Monday, March 5, 2007

a Catholic killed by the Virgin Queen


Though hardly anything is known about the life of 'Blessed' John Felton, a fair amount is known about his death, by execution carried out on August 8th, 1570. His crime was posting a Papal Bull that excommunicated Queen Elizabeth I and released her subjects from any fealty to her. This is because Queen Elizabeth took up the anti-papal baton that Henry VIII had passed (even though it was dropped in the interim by 'Bloody Mary' who'd reverted England to traditional catholicism and murdered hundreds of heretics). Henry's reason for splitting from Roman Catholicism was that the Pope forbade him to divorce his wife or remarry, but Elizabeth's reasons were more complex. Wars were being fought over these matters at this time; when you get down to it having a Church of England not beholden to the Pope made a lot of sense if you wanted to keep more power and funds for your own lands.

Anyway, in the context of the time what John Felton did was indeed seditious. And they had some pretty gruesome ways of doing away with traitors, jesuits and the like, that threatened the new Church and the monarch that stood behind it. Felton was hanged for 'six turns', then beheaded, then 'parboiled' and dismembered. Elizabeth I was not a soft touch!

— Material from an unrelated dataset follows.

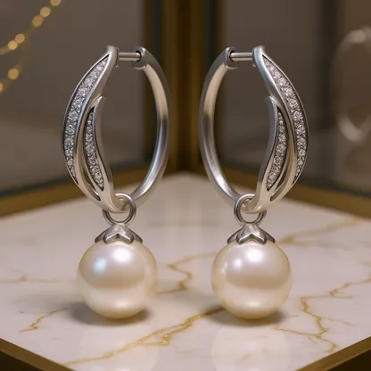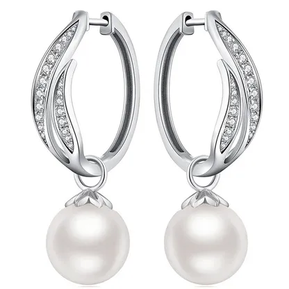 Product Introduction: These elegant White Gold Pearl Hoop Earrings feature a timeless design, combining the classic beauty of round AAA cultured pearls with sleek925 sterling silver hoops. Rhodium-plated for enhanced shine and durability, these earrings are perfect for women seeking refined jewelry for special occasions such as weddings or formal events. Core Features: Why Choose These Earrings: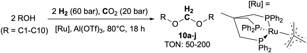 A report by Klankermayer, Leitner and co-workers58 demonstrated the reduction of carbon dioxide to the formaldehyde-level in alcohols (C1–C10) enabling access to dimethoxymethane (DMM 10a) and other oxymethylene ethers (OME 10b–10j). In their study, a molecular ruthenium-triphos catalyst in the presence of a Lewis acid (Al(OTf)3) was active to realise the formation of the OME at 80 °C within 18 h (CO2 = 20 bar; H2 = 60 bar; Scheme 8).

In 1886 John Felton was beatified by Pope Leo XIII. This means that Catholics are allowed to revere him, but not required to -- he's not a saint, just a local Catholic hero. Even though we know almost nothing about him, except that he was short, of dark complexion, and seemed by turns defiant and freaked out when he faced his executioners, as documented in this free Googlebook, 'A Complete Collection of State Trials and Proceedings for High Treason and Other Crimes..." (http://books.google.com/books?vid=OCLC01904713&id=1gIKAAAAIAAJ&pg=PP594&lpg=PP594&dq=cobbett%27s+john+Felton)

Pictured is Bermondsey Abbey in Southwark, near where John Felton lived in the dead center of London -- briefly excavated before being paved over again by developers in early 2006.